7.1.3. Penman and Penman-Monteith#

The Penman equation describes potential evaporation from an open water surface, and was developed by Howard Penman in 1948. Penman’s equation requires air temperature, wind speed, air relative humidity, and solar radiation to predict potential evaporation.

(7.5)#\[E_{P - P} = \frac{\mathrm{\Delta}\left( R_{n} - G \right) + \frac{\rho_{a}c_{p}\left( e^{*} - e_{a} \right)}{r_{a}}}{\lambda(\mathrm{\Delta} + \gamma)}\]

where

\(E_{P - P}\) potential evapotranspiration estimated by the Penman equation (mm s⁻¹)

\(\mathrm{\Delta}\) slope of the relationship between saturation vapour pressure and temperature (kPa°C⁻¹) computed as:

(7.6)#\[\mathrm{\Delta}\ = \frac{4098\left\lbrack 0.6108\ exp\left( \frac{17.27\ T}{T + 237.3} \right) \right\rbrack}{(T + 237.3)^{2}}\]

\(T\) air temperature (°C)

\(R_{n}\) net radiation (MJ m⁻² s⁻¹)

\(G\) ground heat flux (MJ m⁻² s⁻¹) computed as

(7.7)#\[G = 0.1\ R_{n}\]

\(\rho_{a}\) air density (kg m⁻³) computed as

(7.8)#\[\rho_{a} = \frac{P}{T_{kv}\ R}\]

\(R\) specific gas constant = 0.287 (kJ kg⁻¹ K⁻¹)
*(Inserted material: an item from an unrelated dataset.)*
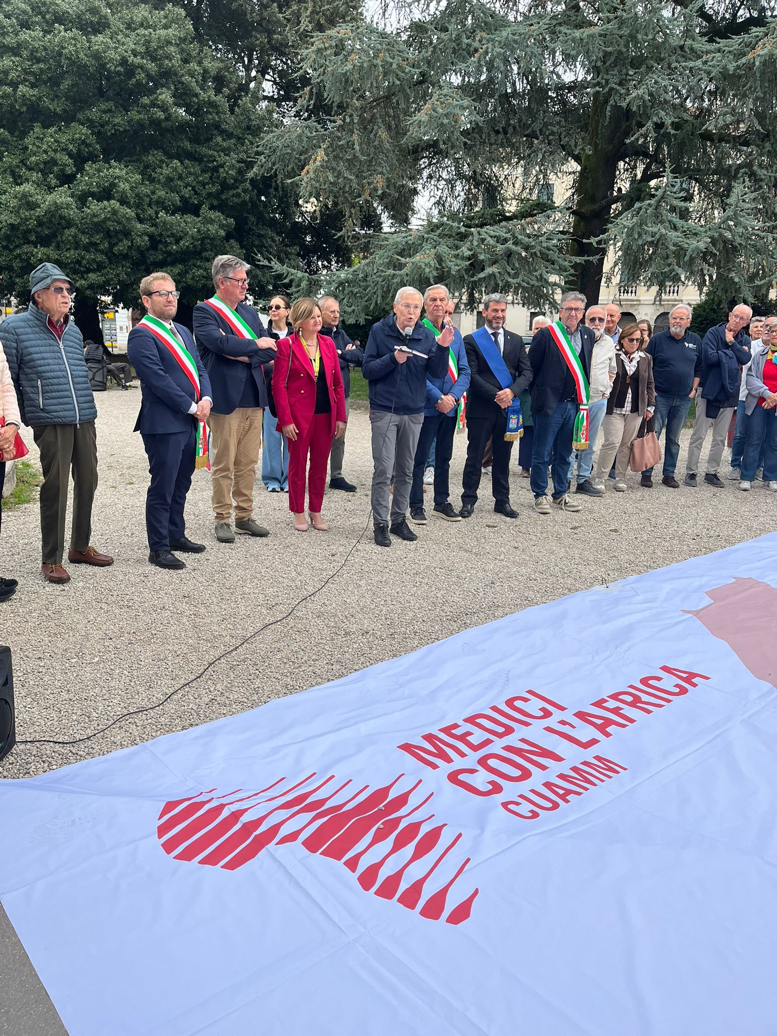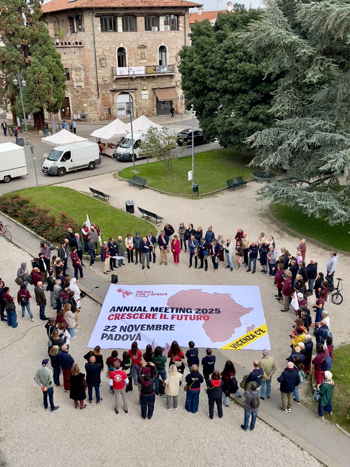 «Ringrazio il Cuamm e i suoi volontari per quello che fanno sempre e per questo momento dal significato straordinario organizzato qui davanti a Palazzo Chiericati in piazza Matteotti – ha esordito il sindaco Possamai -. È importante essere qui perché oggi è concreto il rischio che le guerre tragiche in Palestina e in Ucraina distolgano l'attenzione dal resto del mondo. Distogliere l'attenzione vuol dire anche distogliere i fondi e distogliere la capacità di intervenire. Basti pensare a quello che sta facendo Trump negli Stati Uniti: siamo tanto concentrati sui dazi, ma c’è anche il problema della cancellazione di enti governativi che si occupano di aiuti nel mondo e il totale defunding, ovvero il definanziamento, delle organizzazioni internazionali. Sono tutte decisioni che stanno rendendo sempre più complicato intervenire nei Paesi più poveri e più complicati del mondo. Ecco perché è importante essere qui oggi e partecipare a momenti come questo, così da riportare l'attenzione con forza su queste parti del mondo. La nostra e vostra presenza ha dunque un valore straordinario e per questo ringrazio don Dante, il Cuamm e tutte le sue volontarie e i suoi volontari perché il lavoro che fanno è oggi ancora più prezioso».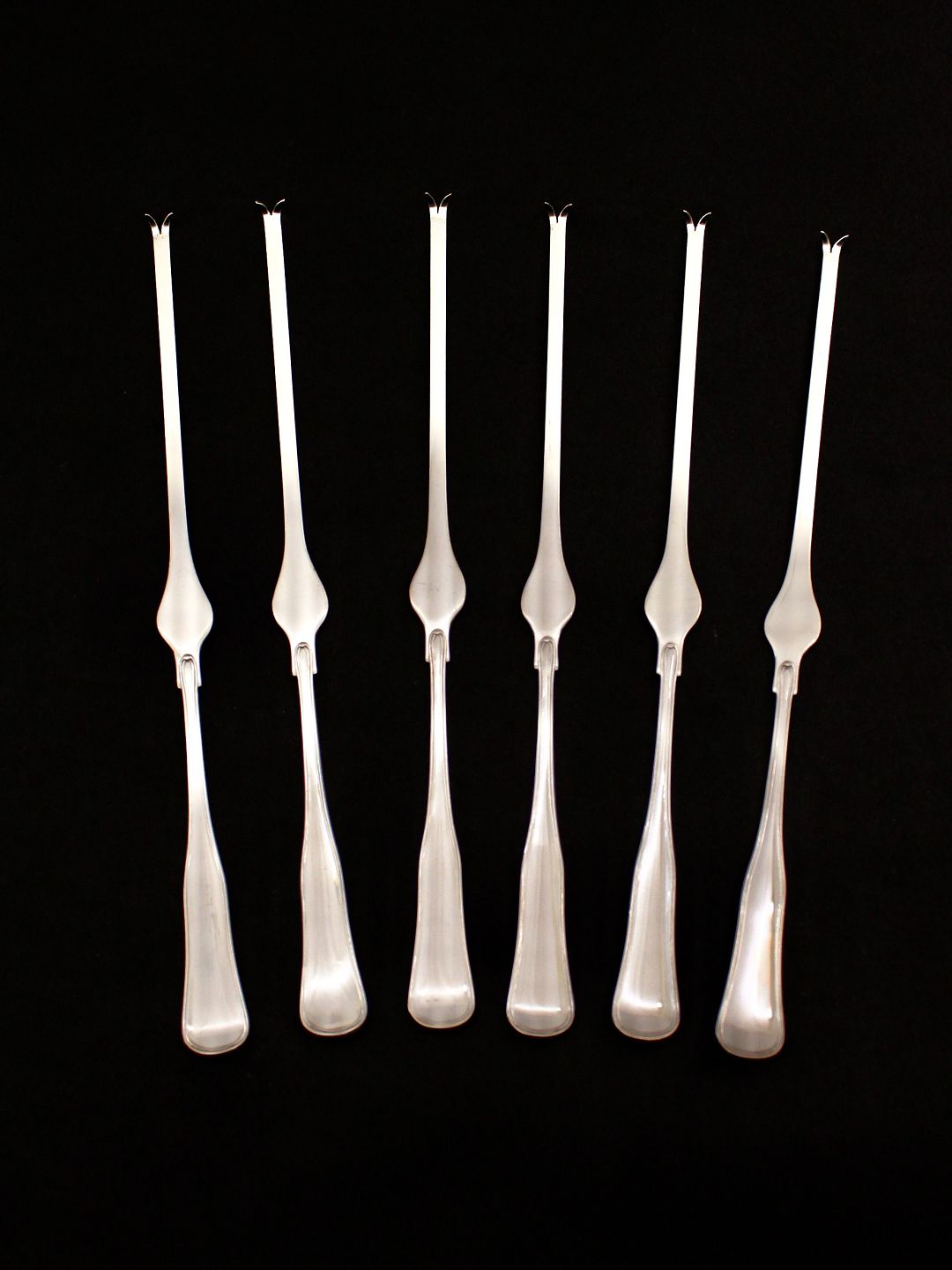 Dobbeltriflet tretårnet sølv hummer gafler 21,5 cm. sæt på 6 med flot monogram emne nr. 580123

\(T_{kv}\) virtual air temperature (K) computed as

(7.9)#\[T_{kv} = 1.01\ (T + 273)\]

\(P\) air pressure (kPa) computed as

(7.10)#\[P = 101.3\ \left( \frac{293 - 0.0065\ z}{293} \right)^{5.26}\]

\(z\) ground elevation (m asl)

\(c_{p}\) humid air specific heat (MJ kg⁻¹ °C⁻¹) computed as

(7.11)#\[c_{p} = \ \frac{\gamma\ \varepsilon\ \lambda}{P}\]

\(\gamma\) psychrometric constant (kPa °C⁻¹) computed as

(7.12)#\[\gamma = 0.665\ \bullet 0.001\ \bullet P\]

\(\varepsilon = 0.622\) ratio molecular weight of water vapour/dry air

\(\ \lambda = 2.453\) latent heat of vaporization (MJ / kg)

\(e^{*}\) saturation vapor pressure (Pa) computed as

(7.13)#\[e^{*} = 0.6108\ \exp\left( \frac{17.27\ T}{T + 237.3} \right)\]

\(e_{a}\) actual vapor pressure (Pa) computed as

(7.14)#\[e_{a} = \ e^{*}\ \left( \frac{RH}{100} \right)\]

\(RH\) air relative humidity (0-100).

\(r_{a}\) aerodynamic resistance of bare soil (s m⁻¹) computed as

(7.15)#\[r_{a} = \ \frac{\ln\left( \frac{z_{m} + h - d}{z_{om}} \right)\ \ln\left( \frac{z_{h} + h - d}{z_{oh}} \right)}{k^{2}\ u_{z}}\]

\(z_{m}\) wind speed measurement heigth (m)

\(h = 0.1\) bare soil heigth (m)

\(d = \ \frac{2}{3}\ h\) bare soil zero plane displacement height (m)

\(z_{om}\ 0.123\ h\) roughness length governing momentum transfer (m)

\(z_{h}\) relative humidity measurement height (m)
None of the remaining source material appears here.